Robby responded with the observation that it was written under Reason’s masthead, so it must be libertarian.
That’s not the way it works. That’s not the way libertarians think.
I don’t think of Robby as a libertarian. I don’t believe he thinks of himself as a libertarian, and I don’t recall ever seeing him claim to be a libertarian.
Journalism gigs are hard to come by, these days. If he hadn’t landed at Reason, he might be writing about Tesla for Road & Track.
I’ve tried to warn my daughter that she will probably run into this stuff when she starts college soon. She doesn’t believe me, of course. But my goal is to make sure that she knows it isn’t personally targeted at her, so that doesn’t really matter at this point.
I’m finishing college in a couple of weeks and while at the Business school, the concepts of microaggressions and hate speech are routinely mocked, overall it’s becoming the norm elsewhere on campus. Anyone who dares say something that goes against groupthink are at risk of being harassed.
I usually just describe myself as a lowercase libertarian. Ideologically, I believe a lot of what they stand for, but I despise the actual party and the institutions.
I call myself a ‘classical liberal’ now, instead. I would never identify as a ‘libertarian’, because the word has essentially no mean anymore
Time to coin a new term. Classical libertarian.
I refer to myself as a Neo-liberal but only because the term libertarian is sort of meaningless now and also to piss off my Progressive friends.
Lower-case “L” libertarian for me. I’m not going to let others ruin a perfectly good label.
Philosophically I refer to myself as a classical liberal but politically I call myself a Libertarian Republican (even though I fucking hate the GOP).
I usually call myself lower case libertarian, but political Independent, because all the parties here suck ass.
“Neoliberal” in the rest of the world means more or less what “fascist” became 20 years ago: a catchall term for “I don’t like what you believe so I’m going to use this buzzword to criticize it”.
That’s my biggest beef with establishment Libertarians. It’s not that I don’t mind compromising but whenever we do compromise with the Left, it’s usually us getting the shitty end of the stick. And if we call the Left out about this their response is usually, “You’re lucky that we’re letting you hang around us,” or “stop being so dogmatic.”
The worst part about Reason’s embrace of total compromise is that they get absolutely nothing out of it. They so badly want to be in with the “it” crowd in the journalistic circles but never realize that the Left will toss them without any sort of hesitation if it suits their purposes.

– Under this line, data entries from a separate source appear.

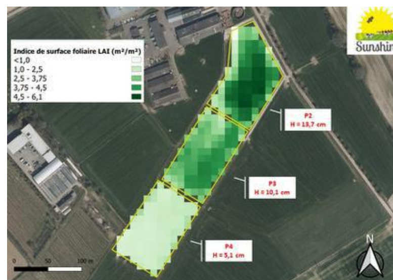
Figure 2 : distribution des valeurs de l'indice de surface foliaire LAI (m 2 /m 2 ) issu d'une image du satellite Sentinel-2 (acquise le 22/04/2021) pour trois parcelles en pâturage tournant situées à Gembloux présentant des hauteurs d'herbe moyennes contrastées. Le LAI est le nombre de m 2 de feuilles vertes par m 2 de sol : plus la valeur de l'indice est élevée et plus la quantité d'herbe présente est importante. L'information satellitaire permet de mettre en évidence la différence entre parcelles mais également la variabilité intra-parcellaire. Cra-w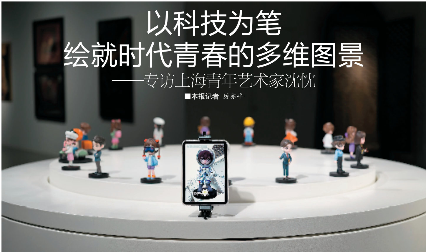
沈忱 时代青春 AR 交互装置 2025 年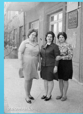
Студентки заочного відділення 1970 років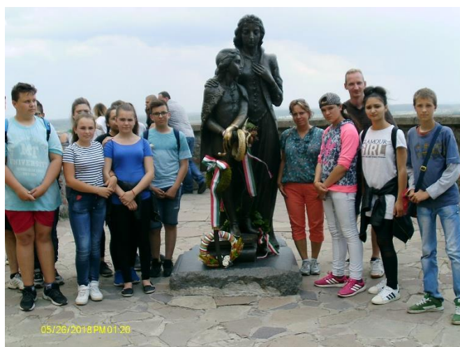
Zrínyi Ilona és Rákóczi szobránál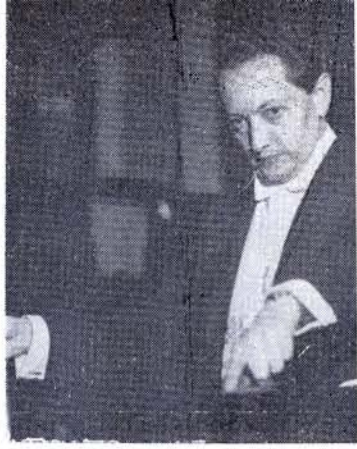
LUIS HERRERA DE LA FUENTE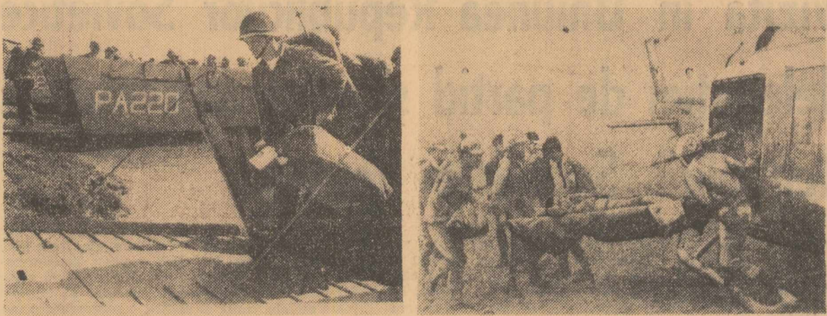
Imagini surprinse de obiectivul aparatului de fotografiat în Vietnamul de sud. Militarii din infanteria marină a S.U.A. debarcă de pe un vas de transport pe plaja de la Chu Lai (în stînga). Trupe americane și sîngoneze „se întorc” dintr-o operație împotriva forțelor patriotice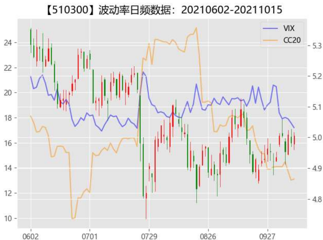
图 2：期权市场隐含波动率

从资金流动来看，北向资金为净流入状态，合计流入 15.01 亿，其中沪股通流入 37.56 亿，深股通流出 22.54 亿。现货市场窄幅震荡下沪深 300、上证 50 股指期货出现升水状态，隐含波动率大幅度快速回落。另外，金融市场正在按部就进一步开放，上周五证监会宣布合格境外投资者可以投资商品期权、股指期权等套保工具。相关 A 股套保工具还有 10 月 18 日在港交所上市交易的 MSCI 中国 A50 指数期货。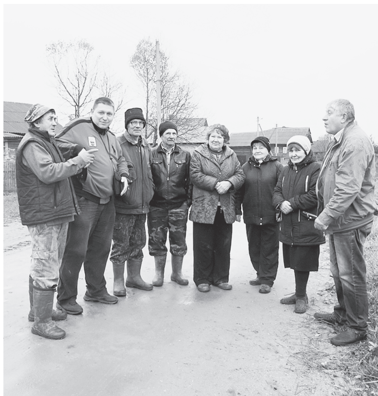
В деревне Олеховской.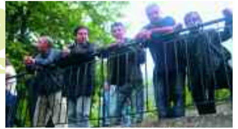
Παρούσα και η Κοινότητα στον τελικό.

Δυναμική ήταν στο Παχτούρι η φετινή παρουσία του Πανθεσσαλικού συλλόγου Παχτουριωτών Βόλου και της νεολαίας του χωριού ανατρέποντας τα μέχρι σήμερα δεδομένα και δίνοντας το στίγμα ότι το μέλλον ανήκει στη νέα γενιά του χωριού.

Oh, they’ll be part of that crowd eventually. Granted, there won’t be a shred of libertarianism left at Reason, but it’s a small price to pay.
In the end, Reason will be just another skin-suit mentioned by Iowahawk.
I know people are probably pretty sick of me posting this, but this is pretty much the problem with Reason as a whole: the majority of its writers are not part of the Libertarian tribe, they are part of the Pundit tribe, and they’ll reflexively agree or deter to the tribal opinion rather than stand up for the ideology they supposedly support.
This is also why Reason published shitty article after article defending Gawker’s Hulk Hogan idiocy. Because protecting the journalistic class is more important than defending privacy or Hogan’s property.
Supporting the libertarian ideology and defending it would make them outcasts in their field. It’s much easier to go along with the flow and not make any major waves.
Look at Glenn Greenwald. He’s a die hard Leftist but yet when I showed my Progressive acquaintances his articles when he dared exposed Obama’s many civil liberties violations and called bullshit on the Trump-Russia story, they either got angry and called him names or just ignored the articles. If it’s like that with people I know, I can only imagine how the media treats people who goes outside the orthodoxy.
I liked to point out that what Gawker did was just as bad as what News of the World did. But the former is right-thinking, while the latter is evil Murdoch.
FWIW, Sparky doesn’t identify as libertarian either.
I’ve seen him say that, but i’ve never bothered to ask = what exactly is the bug up his ass about, then? Meaning, he seems to think other people are *too doctrinaire* …. about a philosophy he doesn’t agree with in the first place?
“”Well, other than that, Mrs Lincoln….”
Besides that glaring bit of intellectual dishonesty, it’s a disingenuous argument to begin with. While there is some disagreement on the “pro-PC” side (e.g. trans-exclusionary vs. trans-inclusionary), the measure of it is quite narrow compared to the range of disagreement on the “anti-PC” side, if purely as a consequence of the definition of PC (i.e., a narrowing of acceptable discourse).
– when PC lefties use violence, well, its unfortunate because its an ineffective way to achieve their noble goals
(still, we should commend their “bash the fash” efforts regardless; and while doing so, ensure to re-affirm their claims that their opponents are “fascists”, and not, you know, just like people who disagree)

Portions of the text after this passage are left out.